What is expected: Beginning with the line where "Đặc biệt, các" appears, restate each line word for word until the data ends. Pictures do not go in.

***** Provided data *****

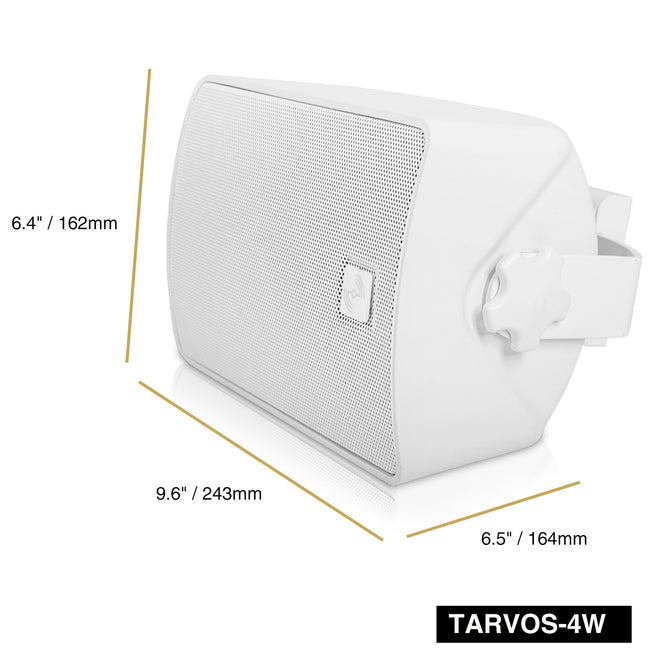 Introducing the TARVOS Series coaxial speakers, the TARVOS-4W-PAIR is your go-to solution for IP56 rated coaxial speakers. This package includes a pair of TARVOS-4W coaxial surface-mount speakers, each featuring a 4.5" woofer and a 1" coaxial compression driver delivering a powerful 50W RMS and 100W program power at 8Ω.
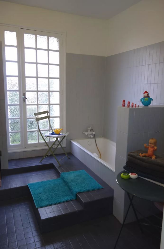 Đặc biệt, các bậc thang và sàn phía dưới được ốp những phiến gạch mỏng hình chữ nhật, trong khi đó trên tường lại được điểm xuyến bởi các ô gạch hình vuông, làm không gian như được nới rộng ra. Nhìn tổng thể, phòng tắm trông đơn giản pha chút cổ điển. Để đảm bảo chất lượng cho gia chủ, mỗi viên gạch lát đều được các chuyên gia chăm chút kỹ càng, kích thước phải chuẩn, màu phải sáng óng ánh và hài hoà với nội thất phòng tắm. Chính điều đó đã tạo nên nét duyên dáng, hiện đại cho căn phòng.
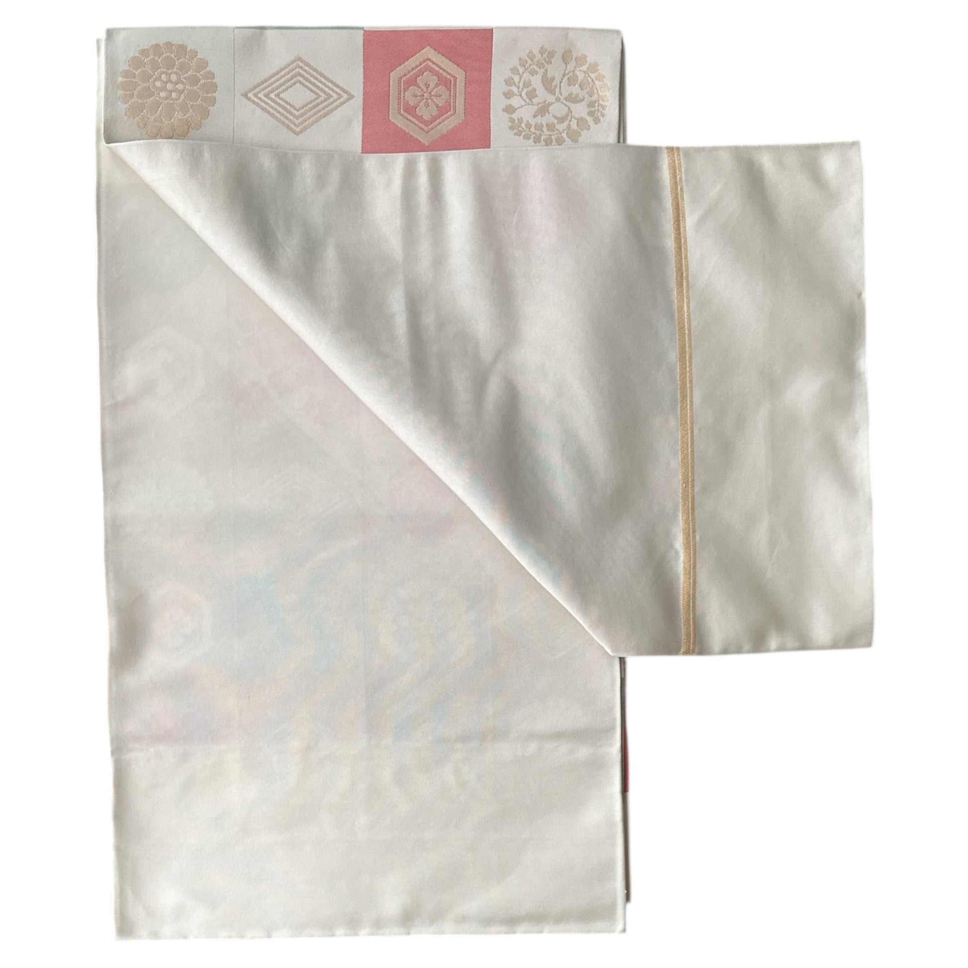 Subtle gold and ivory threads are woven throughout, adding a gentle shimmer and luxurious texture to the piece. This obi brings grace and elegant charm to any kimono coordination.

*****

Result below:
 Đặc biệt, các bậc thang và sàn phía dưới được ốp những phiến gạch mỏng hình chữ nhật, trong khi đó trên tường lại được điểm xuyến bởi các ô gạch hình vuông, làm không gian như được nới rộng ra. Nhìn tổng thể, phòng tắm trông đơn giản pha chút cổ điển. Để đảm bảo chất lượng cho gia chủ, mỗi viên gạch lát đều được các chuyên gia chăm chút kỹ càng, kích thước phải chuẩn, màu phải sáng óng ánh và hài hoà với nội thất phòng tắm. Chính điều đó đã tạo nên nét duyên dáng, hiện đại cho căn phòng.
 Subtle gold and ivory threads are woven throughout, adding a gentle shimmer and luxurious texture to the piece. This obi brings grace and elegant charm to any kimono coordination.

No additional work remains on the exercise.